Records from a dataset
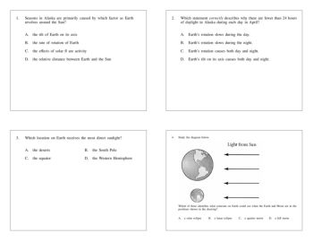 1. Seasons in Alaska are primarily caused by which factor as Earth revolves around the Sun? A. the tilt of Earth on its axis B. the rate of rotation of Earth
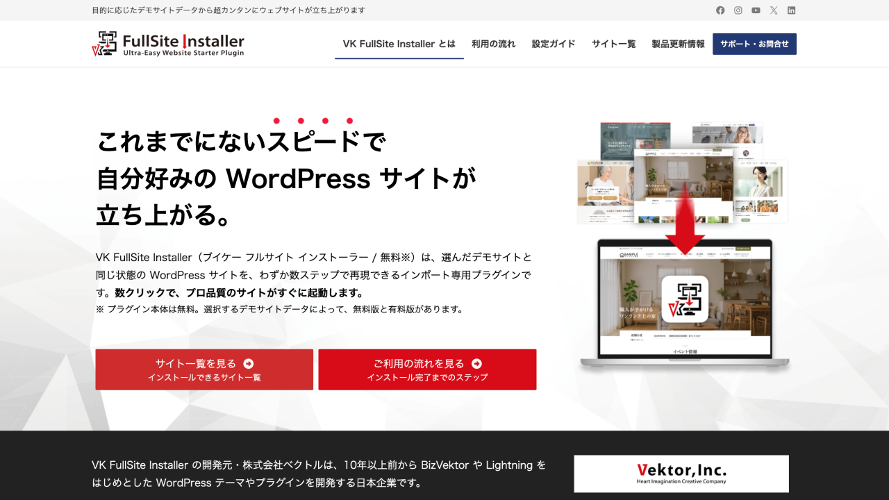 今年5月にリリースした「VK FullSite Installer(VKフルサイトインストーラー)」、もうお試しになりましたか?専用プラグイン(無料)を使えば、選んだデモサイトをまるごとインポートしてすぐに WordPress サイトが立ち上がる…とても便利なサービスです!
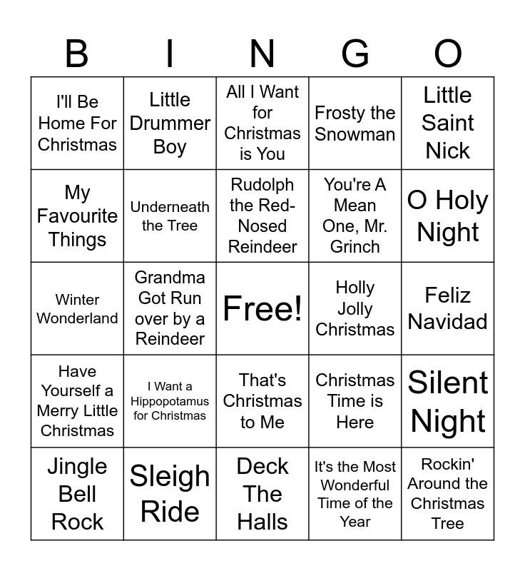 This bingo card has a free space and 29 words: Jingle Bell Rock, Santa Baby, Grandma Got Run over by a Reindeer, Last Christmas, I'll Be Home For Christmas, All I Want for Christmas is You, Underneath the Tree, I Want a Hippopotamus for Christmas, Holly Jolly Christmas, Sleigh Ride, Feliz Navidad, Rockin' Around the Christmas Tree, Deck The Halls, It's the Most Wonderful Time of the Year, O Holy Night, Let it Snow!, That's Christmas to Me, Have Yourself a Merry Little Christmas, Little Saint Nick, Winter Wonderland, Christmas Time is Here, We Wish You A Merry Christmas, You're A Mean One, Mr. Grinch, My Favourite Things, Frosty the Snowman, Little Drummer Boy, Silent Night, Rudolph the Red-Nosed Reindeer and Santa Claus is Coming to Town.
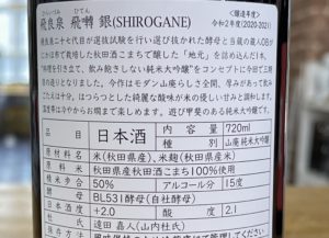 「銀(SIROGANE)」は、地元にかほ市産酒こまち50%精米、酸度2,1、日本酒度+2,0、アルコール15度、酵母はBL531(二十七代目作の自社酵母)です。
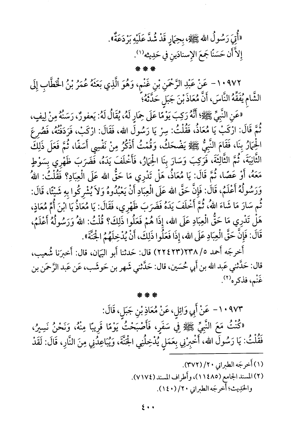 ١٠٩٧٢ - عن عبد الرَّحمَن بن غَنْم، وهو الذي بعثه عمر بن الخطاب إلى الشام يفقه الناس، أن معاذ بن جبل حدثه؛
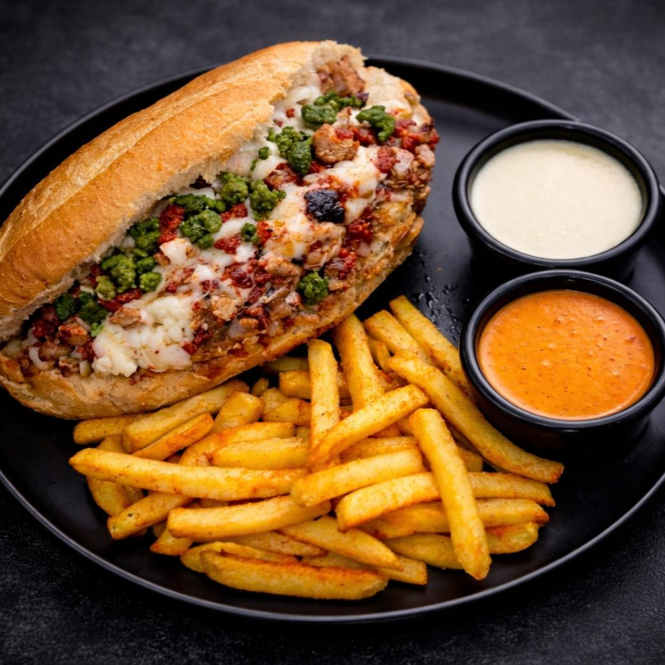 torta de asado con chorizo verde, frijol y queso mozzarella acompañada de papas fritas y aderezos de ajo y chipotle
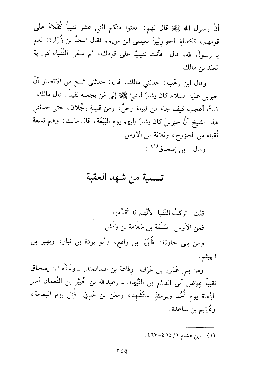 وقال ابن وهب: حدثني مالك، قال: حدثني شيخ من الأنصار أن جبريل -عليه السلام- كان يشير للنبي صلى الله عليه وسلم إلى من يجعله نقيبا. قال مالك: كنت أعجب كيف جاء من قبيلة رجل، ومن قبيلة رجلان، حتى حدثني هذا الشيخ أن جبريل كان يشير إليهم يوم البيعة، قال مالك: وهم تسعة نقباء من الخزرج، وثلاثة من الأوس.

Task statement ▸
Omit the pictures. Transcribe every record exactly.

Your solution ▸
 1. Seasons in Alaska are primarily caused by which factor as Earth revolves around the Sun? A. the tilt of Earth on its axis B. the rate of rotation of Earth
 今年5月にリリースした「VK FullSite Installer(VKフルサイトインストーラー)」、もうお試しになりましたか?専用プラグイン(無料)を使えば、選んだデモサイトをまるごとインポートしてすぐに WordPress サイトが立ち上がる…とても便利なサービスです!
 This bingo card has a free space and 29 words: Jingle Bell Rock, Santa Baby, Grandma Got Run over by a Reindeer, Last Christmas, I'll Be Home For Christmas, All I Want for Christmas is You, Underneath the Tree, I Want a Hippopotamus for Christmas, Holly Jolly Christmas, Sleigh Ride, Feliz Navidad, Rockin' Around the Christmas Tree, Deck The Halls, It's the Most Wonderful Time of the Year, O Holy Night, Let it Snow!, That's Christmas to Me, Have Yourself a Merry Little Christmas, Little Saint Nick, Winter Wonderland, Christmas Time is Here, We Wish You A Merry Christmas, You're A Mean One, Mr. Grinch, My Favourite Things, Frosty the Snowman, Little Drummer Boy, Silent Night, Rudolph the Red-Nosed Reindeer and Santa Claus is Coming to Town.
 「銀(SIROGANE)」は、地元にかほ市産酒こまち50%精米、酸度2,1、日本酒度+2,0、アルコール15度、酵母はBL531(二十七代目作の自社酵母)です。
 ١٠٩٧٢ - عن عبد الرَّحمَن بن غَنْم، وهو الذي بعثه عمر بن الخطاب إلى الشام يفقه الناس، أن معاذ بن جبل حدثه؛
 torta de asado con chorizo verde, frijol y queso mozzarella acompañada de papas fritas y aderezos de ajo y chipotle
 وقال ابن وهب: حدثني مالك، قال: حدثني شيخ من الأنصار أن جبريل -عليه السلام- كان يشير للنبي صلى الله عليه وسلم إلى من يجعله نقيبا. قال مالك: كنت أعجب كيف جاء من قبيلة رجل، ومن قبيلة رجلان، حتى حدثني هذا الشيخ أن جبريل كان يشير إليهم يوم البيعة، قال مالك: وهم تسعة نقباء من الخزرج، وثلاثة من الأوس.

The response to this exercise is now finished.